Мать бросилась вдогонку за дочерью, но та завернула за угол дома и вскоре исчезла из вида.
Оля бежала по безлюдной дороге. Неожиданно тишину улицы прорвали громко-призывные звуки песни, что лились из патефона, стоявшего на подоконнике дома, мимо которого торопливо пробегала девушка.
Ой, ты, зима морозная!
Ноченька ясно-звёздная!
Скоро ли я увижу
Свою любимую в степном краю?..

Проскрипела игла по пластинке, и послышался визгливый голос Семёновны, доярки, работавшей вместе с Анфисой Петровной.
– Снова за своё!? Сколько можно одну и ту же пластинку крутить!? Исправь двойки, а потом сколько угодно слушай песни!

Оля свернула на другую улицу и чуть не сбила с ног вышедшего из-за дерева Петра.
– Олюшка, ты куда, как угорелая, бежишь?

Девушка внимательно посмотрела на широкое, успевшее загореть лицо парня, обрамлённое тоненькими бесцветными жидкими волосиками, и после некоторого замешательства, смутившись, нерешительно сказала:
– К тебе бегу!

Пётр, опершись на трость, стоял к Оле боком и смотрел в томные с поволокой глаза её, притягивающие взгляд, как то озеро, у которого он любил сидеть в одиночестве, когда ему было особенно невмоготу.

Услышав неожиданный для себя ответ, выронил трость, но та не упала на землю, ибо у набалдашника трости, вырезанного в форме головы собаки с огромными глазами и выемкой для кисти руки, имелась петелька, крепившаяся к брючному ремню.

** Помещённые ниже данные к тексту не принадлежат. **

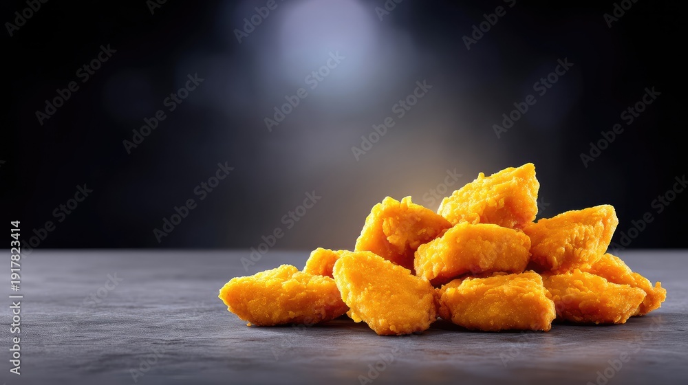 Golden and Crispy Chicken Nuggets Piled on a Dark Surface with Soft Bokeh Background for Delicious Food Photography #1917823414
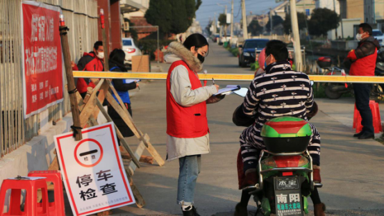 身着红色志愿服的陈姝彤和她父亲正在执勤,她用自己在学校所学的专业知识告诉每一位通行者怎么样做好新冠肺炎的防护工作以及注意事项;认真测量每位通行者的体温,检查出入村口证件并做好记录。
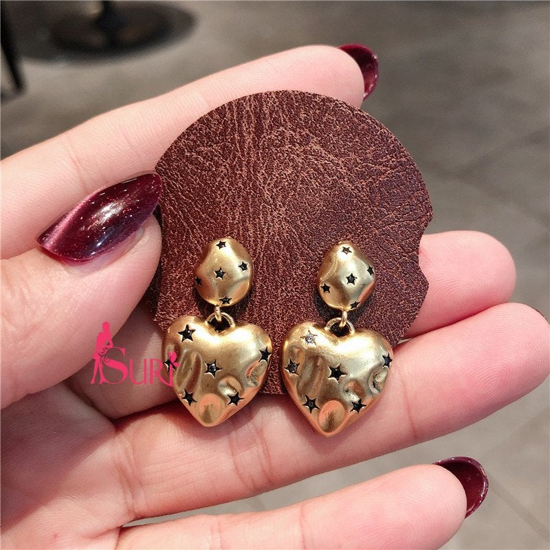 Bông Tai Tòn Teng Trái Tim Đồng Hình Ngôi Sao Đen

Когда рука Петра выпустила трость, собачья голова осталась в приподнятом положении и выглядела так, будто собака-трость подползает к своему хозяину и заискивающе смотрит на него преданными глазами, как бы обещая защитить его от любых бед.

Оля заворожено смотрела на трость.
– Чо тебе? – Петр, хмурясь,  недоверчиво смотрел на девушку.
– Я, может, за тебя замуж хочу выйти, – с трудом оторвав взгляд от собаки-трости, нервно хохотнув и запнувшись на полуслове, как о препятствие, ответила Оля.

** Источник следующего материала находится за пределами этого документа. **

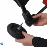 - Komfort pre dieťa – dlhá strieška, nastaviteľný podnožník, odpruženie kolies.

Пётр наклонил голову и зло, со слезами в голосе и с затаённой страстью нерастраченного желания к необыкновенно красивой, но недоступной девушке, сказал дрожащим голосом:

– Чо издеваться-то? Я тоже человек! Ногами слаб и непригляден, так это из-за болести. У меня и мать, и отец, и все сродственники красивые. К отцу до сих пор бабы липнут. И я был бы таким, если бы не болесть.

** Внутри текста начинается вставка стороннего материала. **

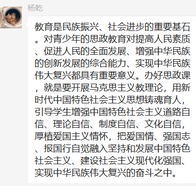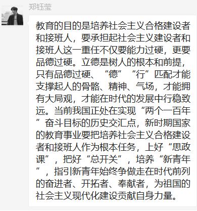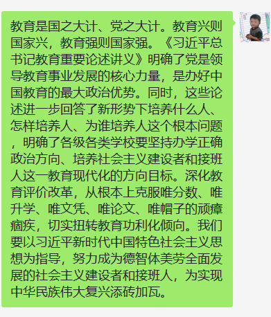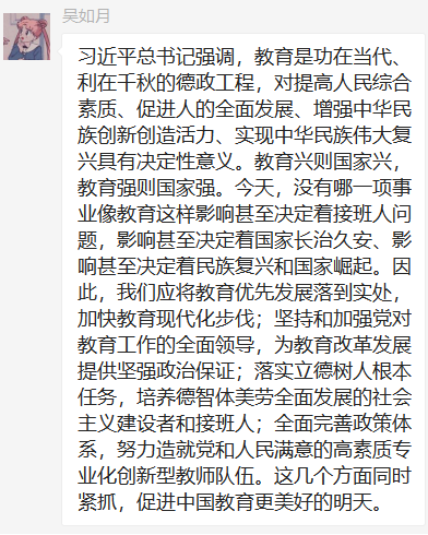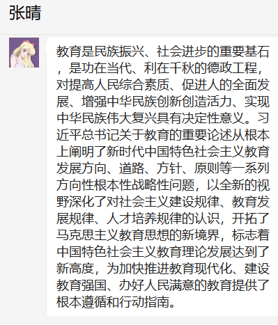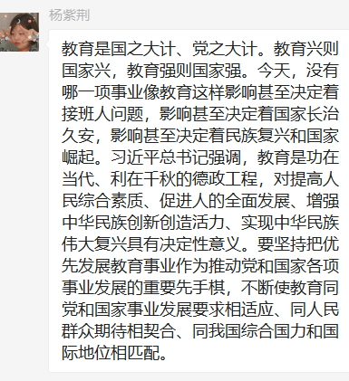 第三党支部党员群中积极发表学习心得。通过本次学习,我们认识到,习近平总书记关于教育的重要论述从根本上阐明了新时代中国特色社会主义教育发展方向、道路、方针、原则等一系列方向性根本性战略性问题,以全新的视野深化了对社会主义建设规律、教育发展规律、人才培养规律的认识,开拓了马克思主义教育思想的新境界,为加快推进教育现代化、建设教育强国、办好人民满意的教育提供了根本遵循和行动指南。

У Оли сжалось сердце. Она уже хотела превратить сказанное в шутку и уйти, но парень горделиво продолжал:
– Чем я хуже других? Дома я сам со скотиной управляюсь. На неё любо-дорого посмотреть. У меня и хряк есть, и супоросная свинья, и корова, и подтёлок, а курей и уток поболе, чем у нашего зоотехника. Была бы у меня жена, да ещё такая, как ты, она бы у меня жила, как за каменной стеной.

Оля слушала, как ей казалось, хвастовство Петра, и у неё поднималось раздражение против его самодовольства. Пока он говорил, она думала: «Крепка тюрьма, да чёрт ей рад. Ишь, как расквасил свои толстые сковородники, размечтался! Зачем такого жалеть!? Был бы он умнее, не расписывал бы свои достоинства».

– Если бы ты, Олька, – с затаённой, чуть тлеющей надеждой сказал парень, – захотела взаправду выйти за меня взамуж, я бы пылинки с тебя сдувал.

Олю передёрнуло: «Размечтался, урод, – подумала она, – а я его ещё жалела! Если мы с ним распишемся, то всю оставшуюся жизнь он будет гордиться этим. Это мне за подпись в регистрационной книге придётся долго насмешки терпеть».

Девушка помолчала, а потом, будто прыгая с обрыва, звенящим от затаённых слёз голосом решительно выпалила:
– Я согласна выйти за тебя замуж, Пётр! Идём в контору.
– Чо надсмехаться-то надо мной? – Пётр укоризненно посмотрел на девушку.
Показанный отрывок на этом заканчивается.